### Requirement
Images are not part of the copy; transcribe all the data exactly.

### Extracted entries
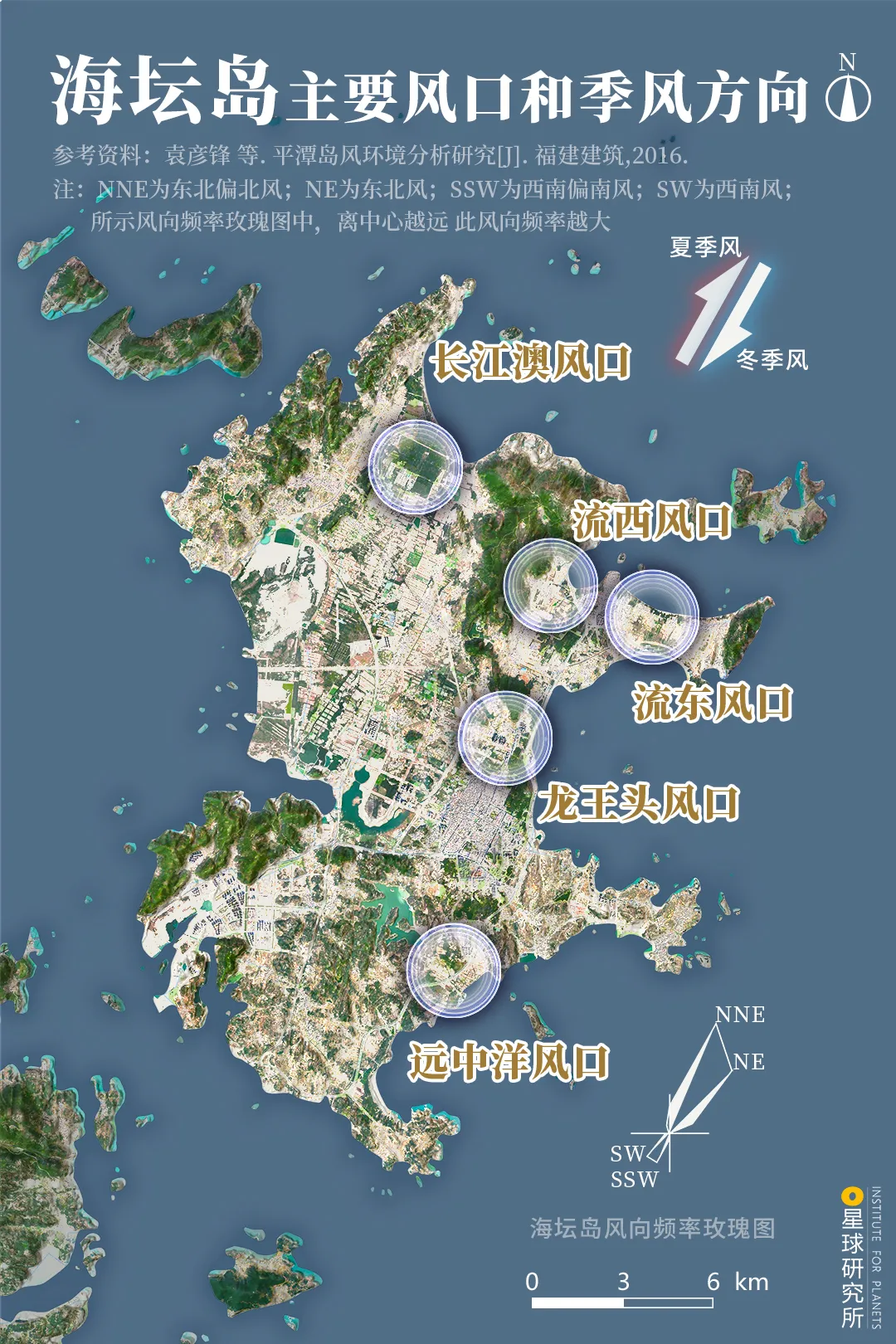 (海坛岛主要风口和季风方向,制图@陈志浩/星球研究所)
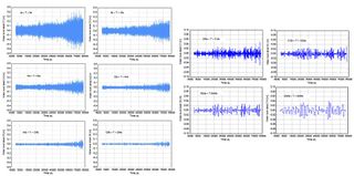 Left panel: Spectral bands with water wave components. Right panel: Spectral bands with residual slow-varying components.
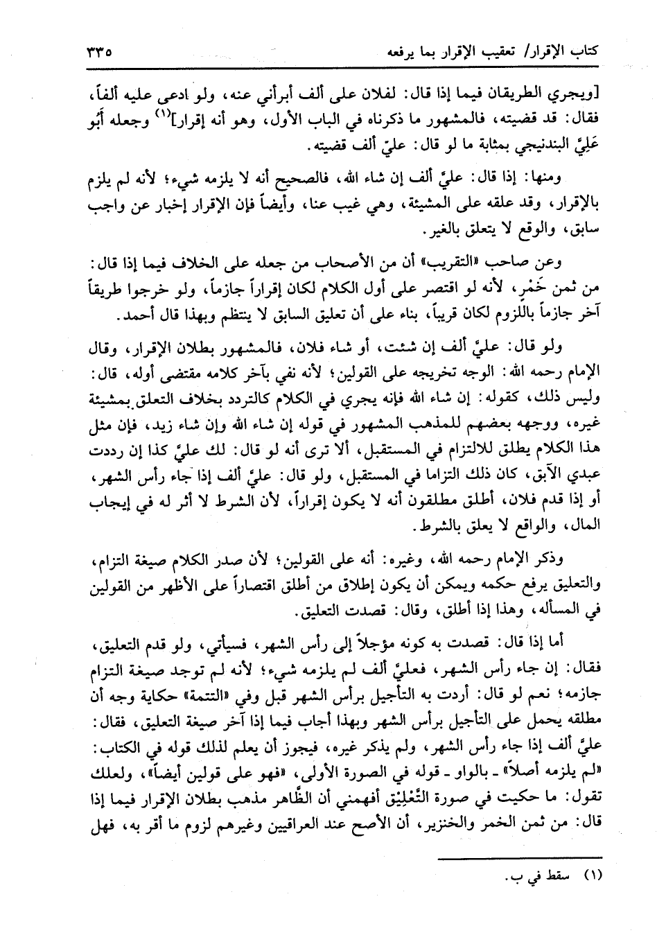 ومنها: إذا قال: عليَّ ألف إن شاء الله، فالصحيح أنه لا يلزمه شيء؛ لأنه لم يلزم بالإقرار، وقد علقه على المشيئة، وهي غيب عنا، وأيضًا فإن الإقرار إخبار عن واجب سابق، والوقع لا يتعلق بالغير.
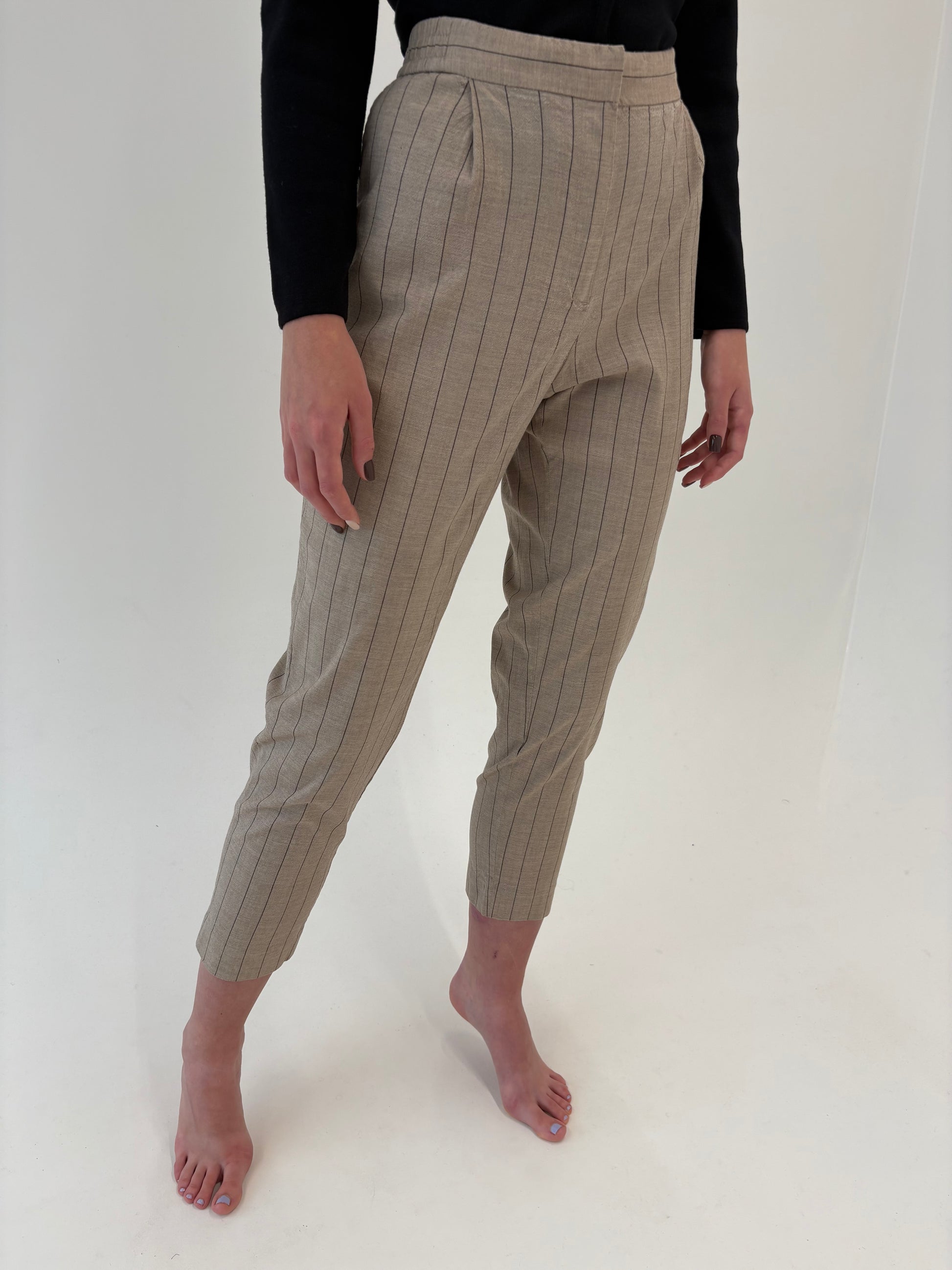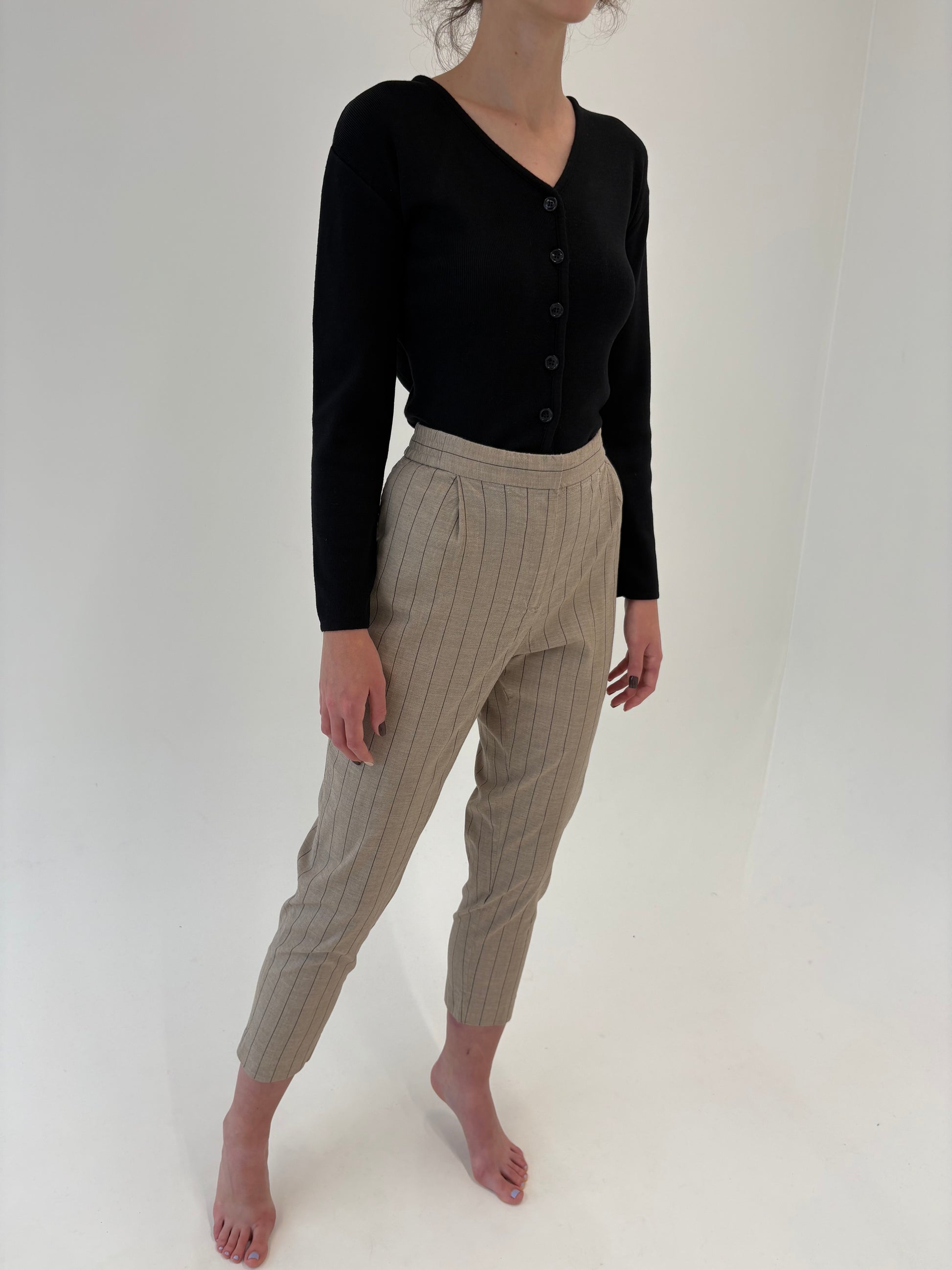 Pantaloni grej cu talie ultra înaltă din mix de lana extrafina și vascoza
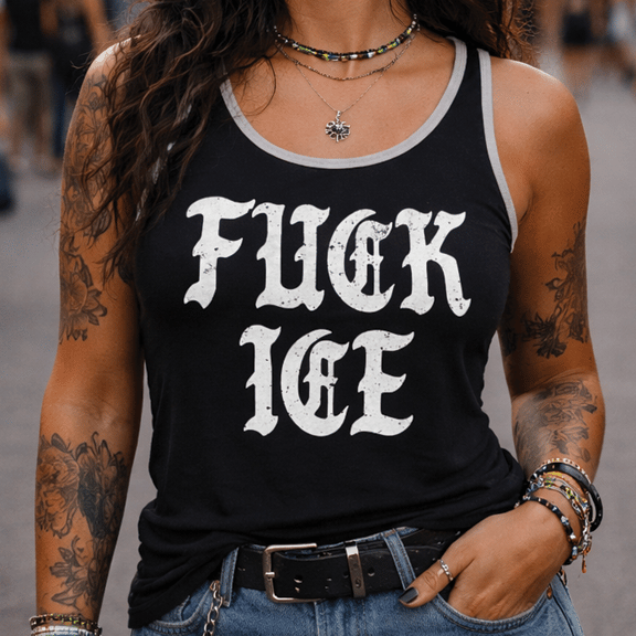 Make your stance unmistakable with the Fuck ICE Tank, a clean, hard-hitting piece that blends attitude with everyday wearability. Featuring a distressed gothic-style print across a classic black tank with contrasting gray trim, this design delivers a raw, unapologetic message rooted in street culture and individuality.
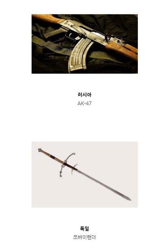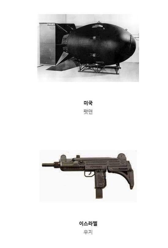 [혐주의]나라별 대표무기 작성자미닉이|작성시간15.08.17|조회수881 목록 댓글 9 글자크기 작게가 글자크기 크게가 으으..블록ㅠㅠ 다음검색 현재 게시글 추가 기능 열기 북마크 공유하기 신고 센터로 신고 댓글 댓글 9 댓글쓰기 답글쓰기 댓글 리스트 삭제된 댓글입니다. 답댓글 작성자노희훈 | 작성시간 15.08.17 대전차 죽창술! 작성자잉어 | 작성시간 15.08.17 한국하면 활.. 이 아니라 김치죠 작성자마하반야 | 작성시간 15.08.18 영국은 맥심 기관총이 더 나을 거 같은데.. 답댓글 작성자Robert Edward O. Speedwagon | 작성시간 15.08.18 영국은 요리입니다. 댓글 전체보기
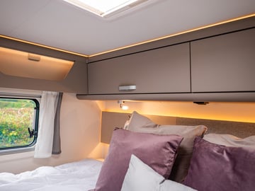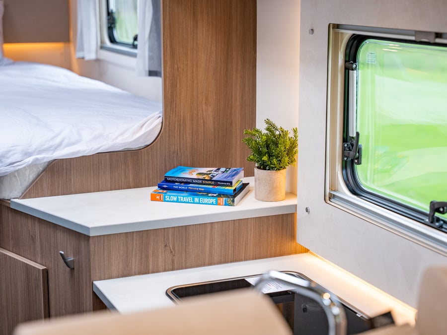 Up front, the lounge area quickly transforms into an additional single bed, perfect for an extra guest or a little one on the go. With clever use of space and high-quality finishes throughout, the T338 Pro ensures every night on the road feels just like home.

### Solved problem
 (海坛岛主要风口和季风方向,制图@陈志浩/星球研究所)
 Left panel: Spectral bands with water wave components. Right panel: Spectral bands with residual slow-varying components.
 ومنها: إذا قال: عليَّ ألف إن شاء الله، فالصحيح أنه لا يلزمه شيء؛ لأنه لم يلزم بالإقرار، وقد علقه على المشيئة، وهي غيب عنا، وأيضًا فإن الإقرار إخبار عن واجب سابق، والوقع لا يتعلق بالغير.
 Pantaloni grej cu talie ultra înaltă din mix de lana extrafina și vascoza
 Make your stance unmistakable with the Fuck ICE Tank, a clean, hard-hitting piece that blends attitude with everyday wearability. Featuring a distressed gothic-style print across a classic black tank with contrasting gray trim, this design delivers a raw, unapologetic message rooted in street culture and individuality.
 [혐주의]나라별 대표무기 작성자미닉이|작성시간15.08.17|조회수881 목록 댓글 9 글자크기 작게가 글자크기 크게가 으으..블록ㅠㅠ 다음검색 현재 게시글 추가 기능 열기 북마크 공유하기 신고 센터로 신고 댓글 댓글 9 댓글쓰기 답글쓰기 댓글 리스트 삭제된 댓글입니다. 답댓글 작성자노희훈 | 작성시간 15.08.17 대전차 죽창술! 작성자잉어 | 작성시간 15.08.17 한국하면 활.. 이 아니라 김치죠 작성자마하반야 | 작성시간 15.08.18 영국은 맥심 기관총이 더 나을 거 같은데.. 답댓글 작성자Robert Edward O. Speedwagon | 작성시간 15.08.18 영국은 요리입니다. 댓글 전체보기
 Up front, the lounge area quickly transforms into an additional single bed, perfect for an extra guest or a little one on the go. With clever use of space and high-quality finishes throughout, the T338 Pro ensures every night on the road feels just like home.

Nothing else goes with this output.